扁形动物再生和动态平衡的梯度。

Gradients in planarian regeneration and homeostasis.

机构信息

Department of Genetics and Institute of Biomedicine, University of Barcelona, Av. Diagonal 645, E-08028 Barcelona, Catalonia, Spain.

出版信息

Cold Spring Harb Perspect Biol. 2010 Jan;2(1):a000505. doi: 10.1101/cshperspect.a000505.

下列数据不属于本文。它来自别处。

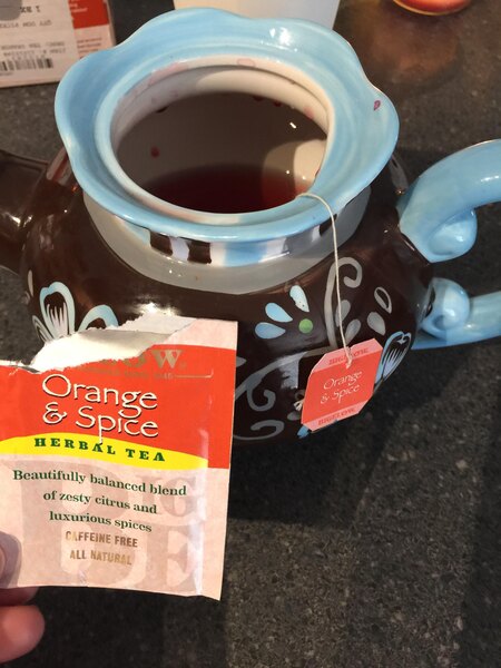 The Bigelow orange and spice herb tea is great and very relaxing. A great seasonal taste that is bursting with a great citrusy flavor with great spice hints. A nice buy.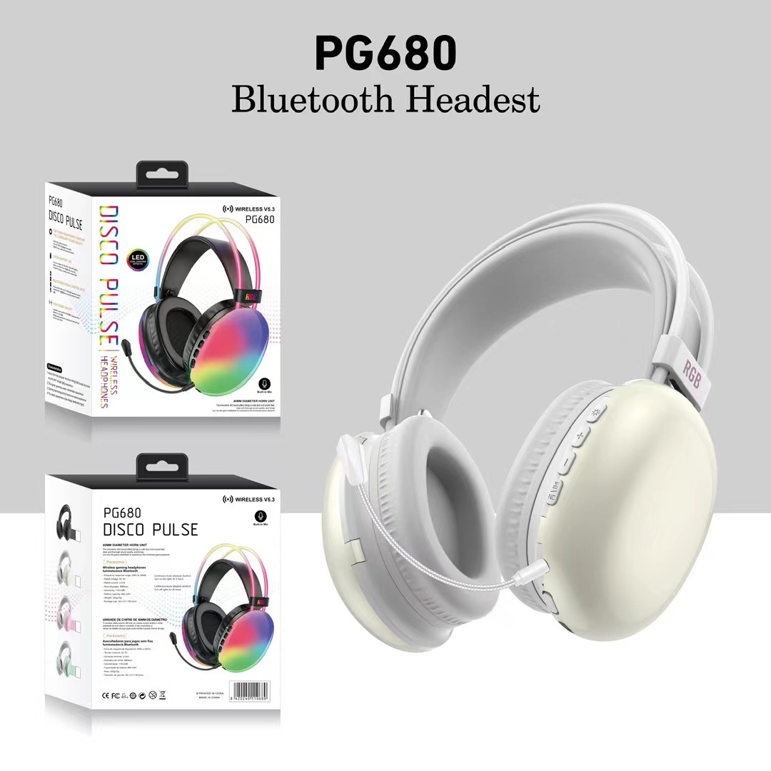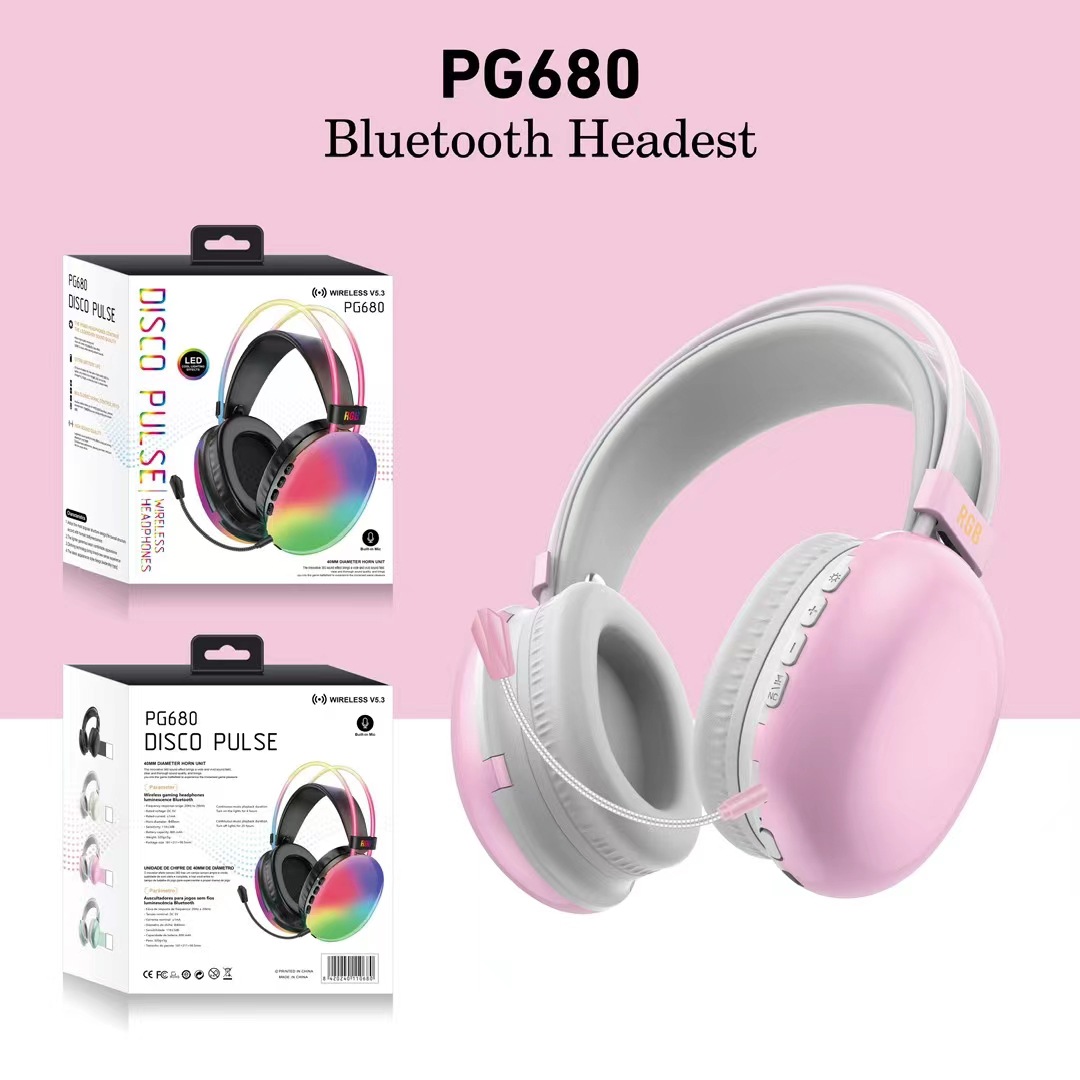 跨境新款 PG680头戴式蓝牙耳机RGB流光炫彩灯话务电竞游戏耳机

DOI:10.1101/cshperspect.a000505

PMID:20182600

原文链接:https://pmc.ncbi.nlm.nih.gov/articles/PMC2827897/

Abstract

Planarian regeneration was one of the first models in which the gradient concept was developed. Morphological studies based on the analysis of the regeneration rates of planarian fragments from different body regions, the generation of heteromorphoses, and experiments of tissue transplantation led T.H. Morgan (1901) and C.M Child (1911) to postulate different kinds of gradients responsible for the regenerative process in these highly plastic animals. However, after a century of research, the role of morphogens in planarian regeneration has yet to be demonstrated. This may change soon, as the sequencing of the planarian genome and the possibility of performing gene functional analysis by RNA interference (RNAi) have led to the isolation of elements of the bone morphogenetic protein (BMP), Wnt, and fibroblast growth factor (FGF) pathways that control patterning and axial polarity during planarian regeneration and homeostasis. Here, we discuss whether the actions of these molecules could be based on morphogenetic gradients.

摘要

涡虫再生是最早应用梯度概念的模型之一。基于对不同体区涡虫碎片再生率、异形发生以及组织移植实验的形态学研究，T.H.摩根（1901 年）和 C.M. Child（1911 年）提出了不同类型的梯度，这些梯度负责这些高可塑性动物的再生过程。然而，经过一个世纪的研究，形态发生素在涡虫再生中的作用仍有待证明。这种情况可能很快就会改变，因为涡虫基因组的测序以及通过 RNA 干扰（RNAi）进行基因功能分析的可能性，导致了控制涡虫再生和内稳态过程中模式形成和轴向极性的骨形态发生蛋白（BMP）、Wnt 和成纤维细胞生长因子（FGF）途径的元件的分离。在这里，我们讨论这些分子的作用是否可以基于形态发生梯度。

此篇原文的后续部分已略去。